Does this four-step process sound easy? No! It’s not. It may not in fact be worth it for most small business clients to pay a professional to scoop up the remaining piddly amounts in the PPP covered period — in which case, consider just using Steps One and Two: the amounts in the bookend periods, or even better, just the amount from the final quarter (because that way they don’t have to pay you to manually prepare a 4Q Form 941, either).
But reviewing this approach before going in and working on all the client ERC and PPP calculations should help a great deal in identifying where the bulk of the payroll dollars are that will qualify for the ERC program, and will allow you to make intelligent decisions about which periods to mine for this type of financial relief for your small business clients.
Resources
For a wonderful in-depth explanation of the Employee Retention Tax Credit, please see Tony Nitti’s two-part Forbes article:
– Breaking Down Changes To The Employee Retention Tax Credit In The New Covid Relief Bill, Part 1
– Breaking Down The Changes To The Employee Retention Credit In The New COVID Relief Bill, Part 2
– Part 2 also links to an earlier article of his that goes through the details of calculating the ERC according to the 2020 rules.

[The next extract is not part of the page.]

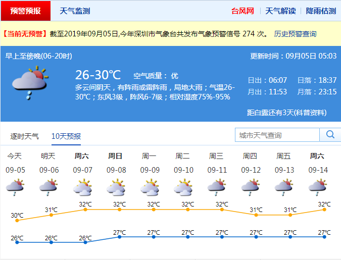 見圳客戶端、深圳新聞網(wǎng)2019年9月5日訊 今年14號臺風(fēng)“劍魚”(熱帶風(fēng)暴級)3日17時減弱為熱帶低壓后,其風(fēng)力進(jìn)一步減弱,已難以確定其環(huán)流中心,中央氣象臺于4日2時停止對其編號。市氣象臺于4日8時30分取消臺風(fēng)白色預(yù)警信號。盡管如此,受“劍魚”減弱后低壓槽影響,今日我市有大雨局部暴雨,沿海、海區(qū)和高地陣風(fēng)6-7級;6日降雨減弱;7日起轉(zhuǎn)多云,有短時陣雨,天氣炎熱。

KBKG is offering a free one-hour webinar on March 17:
– Employee Retention Tax Credits: Qualifications, Benefits & Refunds (kbkg.com)
–This is the same firm that offers the free 2021 ERC estimator calculator.
The three paid courses I’ve taken so far that were the most valuable were:
– Tom Gorczynski‘s Employee Retention Credit Update, which included an Excel Calculation Template.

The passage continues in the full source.